Climate Change Might Break Carbon Dating

Fossil fuel emissions mess with the ratio of carbon isotopes in the atmosphere

human skeleton
Dating human remains (such as this 800-year old skeleton found in Bulgaria) often relies on radiocarbon dating Bin im Garten via Wikimedia Commons (CC BY 3.0)

Researchers have pinned the age the Earth to around 4.54 billion years old. The earliest evidence of the genus Homo dates back to 2.8 million years ago and the oldest artwork was created about 40,000 years ago. All these dates come from radiometric dating — a process that looks at different isotopes in samples. Since some isotopes decay faster than others, the ratio between isotopes can provide a date. Most samples from early human history are dated using carbon isotopes, but that method has a problem, reports Adrienne LaFrance for The Atlantic, and that problem is getting worse.

Carbon atoms in the air end up in all sorts of organic material: plants draw in carbon dioxide, animals and humans eat the plants and the carbon ends up building tissues, including the isotope carbon 14 which is unstable. As soon as a plant or animal dies, it no longer incorporates new carbon 14, and the atoms already present start to decay to the nonradioactive isotopes carbon-12 and carbon-12. Older remains have less carbon 14 as a result. 

But the fossil fuels that humans are burning and the subsequent carbon dioxide they are releasing, will skew the radiocarbon age of any new organic material created today. Fossil fuels come from old organic material that has already depleted its carbon 14 and as a result new organic material appears older than it is. New carbon-14 is created by cosmic rays bombarding the atmosphere, but that process isn’t keeping up with emissions.
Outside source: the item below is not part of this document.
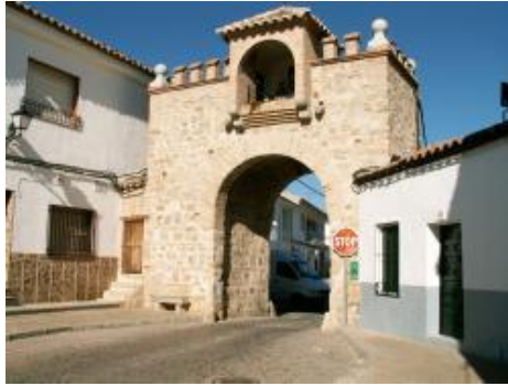
PUERTA DE BELEN- RESTOS DE LA ANTIGUA MURALLA

cada casa, cada patio, es monumento en la mente, es monumento en el tiempo, con la historia que desprende sin querer le vas queriendo.../

"With fossil-fuel emissions increasing at current rates, within the next 20 to 30 years it will be difficult to distinguish newly produced materials from historical artifacts several hundred years old using radiocarbon dating techniques," researcher Heather Graven told Liz Kalaugher for Environmental Research Web. Graven published work in Proceedings of the National Academy of Sciences that explains that by the year 2100, with forecasted emissions, the atmosphere will have a radiocarbon age of 2,000 years old. LaFrance explains the implications for The Atlantic:

If Graven's calculations are correct, carbon dating as we know it today will no longer be reliable by the year 2030. Which means scientists won’t be able to use carbon dating to distinguish between new materials and artifacts that are hundreds or thousands of years old. (Carbon dating is already limited in scope because older artifacts have to be dated using other methods. For instance, Lucy, the 3.2-million-year-old human ancestor, was dated by scientists who studied the volcanic flows and ashes in deposits where her bones were found.)

Instead, researchers will need to look for other clues to figure out if finds are modern or ancient. They will have lost an important tool.